Process multiple items in one LLM call. The input list is passed via the context data inventory (not template expansion), so the prompt describes what to do with the data:

"classify_batch" => LLMTool.new(
  prompt: """
  Classify each email by urgency.
  For each email in the input list, determine its urgency level
  and provide a brief reason.
  """,
  signature: "(emails [{id :int, subject :string, from :string}]) ->
              [{id :int, urgency :string, reason :string}]",
  description: "Classify a batch of emails by urgency"
)

LLM Selection for Tools

Atoms like :haiku resolve via the llm_registry passed at the top-level run/2 call:

# Uses caller's LLM (default)
"deep_analysis" => LLMTool.new(prompt: "...", signature: "...")

# Uses cheaper model for simple tasks (resolved via registry)
"quick_triage" => LLMTool.new(
  prompt: "Is '{{subject}}' urgent?",
  signature: "(subject :string) -> {priority :string}",
  llm: :haiku
)

Response Templates

When an LLMTool makes a simple judgment (boolean, category), response_template lets you define the Lisp logic yourself while the LLM only fills in the data. The LLM returns JSON, the template produces a typed Lisp value.

"semantic_judge" => LLMTool.new(
  prompt: "Is '{{interests1}}' compatible with '{{interests2}}'?",
  signature: "(interests1 :string, interests2 :string) -> :keyword",
  json_signature: "(interests1 :string, interests2 :string) -> {compatible :bool}",
  response_template: "(if {{compatible}} :compatible :unrelated)",
  description: "Returns :compatible or :unrelated"
)

Three fields work together:

• :json_signature — The internal contract for the LLM call (returns {compatible :bool})
• :response_template — PTC-Lisp with Mustache placeholders filled from the JSON result
• :signature — The public contract seen by the parent agent (returns :keyword)

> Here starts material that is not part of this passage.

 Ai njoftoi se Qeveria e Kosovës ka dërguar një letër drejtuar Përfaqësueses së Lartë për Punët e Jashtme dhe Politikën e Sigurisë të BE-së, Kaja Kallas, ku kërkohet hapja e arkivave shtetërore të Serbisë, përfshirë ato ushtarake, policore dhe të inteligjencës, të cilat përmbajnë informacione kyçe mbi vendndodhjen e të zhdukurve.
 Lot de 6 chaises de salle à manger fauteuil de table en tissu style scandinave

The parent agent sees a clean typed result:

(if (= :compatible (tool/semantic_judge {:interests1 i1 :interests2 i2}))
  (conj! pairs (str id1 "-" id2))
  pairs)

The template runs in a no-tools sandbox (PtcRunner.Lisp.run/2 with no tools or context), so built-in functions work but tool calls and data references do not.

Use response_template for primitive transformations (booleans, numbers, keywords). Avoid string interpolation where quotes could break Lisp parsing.

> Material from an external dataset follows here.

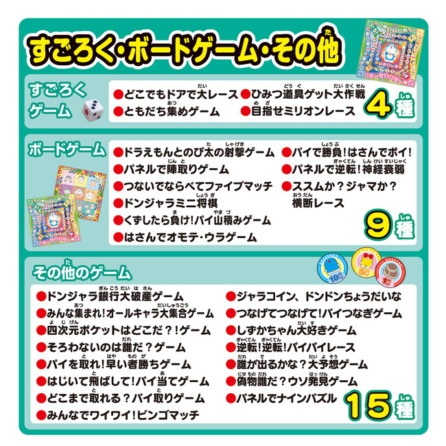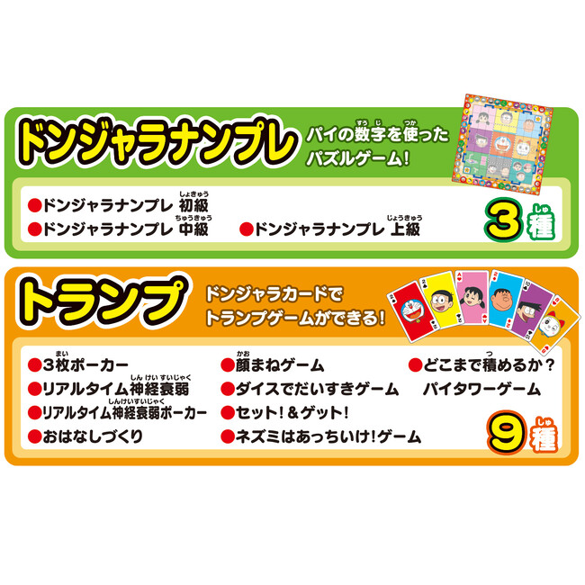 定番の「ドンジャラ」の他に、ひみつ道具のパイを自分の番に捨てると特殊効果を得られる特別ルール「ひみつ道具でドンジャラ」や、すごろくと「ドンジャラ」を組み合わせたゲーム「すごろくドンジャラ」など、「ドンジャラ」シリーズ最多となる全60種のゲームを遊べます。
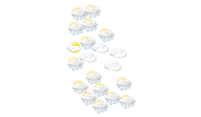 In Pskow kommt es von morgens bis zum Nachmittag zu Schneefällen bei Temperaturen von -1 bis 1°C. Abends sind in Pskow Teile des Himmels mit Wolken bedeckt und die Werte gehen auf -2 bis -1°C zurück. In der Nacht ist es wolkig bei einer Temperatur von -2°C. Böen können Geschwindigkeiten zwischen 21 und 38 km/h erreichen.

Builtin Ad-Hoc LLM Queries (llm_query)

For quick LLM judgments without defining an LLMTool struct, enable the builtin tool/llm-query:

agent = SubAgent.new(
  prompt: "Classify each item and return the urgent ones",
  signature: "(items [:map]) -> {urgent [:map]}",
  llm_query: true,
  max_turns: 5
)

{:ok, step} = SubAgent.run(agent, llm: llm, context: %{items: items})

The agent can now call tool/llm-query from PTC-Lisp for classification, judgment, or extraction:

;; Simple query (default signature: ":string")
(tool/llm-query {:prompt "Is this urgent? {{text}}" :text "Server is down!"})

;; With structured output
(tool/llm-query {:prompt "Classify: {{text}}"
                 :signature "{category :string, score :float}"
                 :text "Revenue dropped 50%"})

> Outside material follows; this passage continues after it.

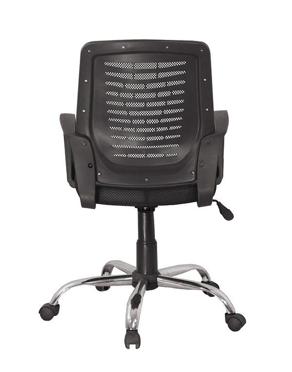 - Lưng ghế với khung nhựa đàn hồi cao cấp và mặt tỳ lưng bằng vải lưới tạo sự phân bổ đồng đều áp lực, lưu thông không khí, tránh sự tích nhiệt. Đêm được làm bằng da, tay nhựa đúc và chân sao mạ cr+niken.

;; Batch judgment with pmap
(pmap (fn [item]
        (tool/llm-query {:prompt "Rate urgency: {{desc}}"
                         :signature "{urgent :bool}"
                         :desc (:description item)}))
      data/items)

Control Keys

All other keys are template arguments available as {{key}} in the prompt.

When to Use llm_query vs LLMTool

Use llm_query when the agent itself decides what to ask the LLM. Use LLMTool when you define the prompt upfront in Elixir.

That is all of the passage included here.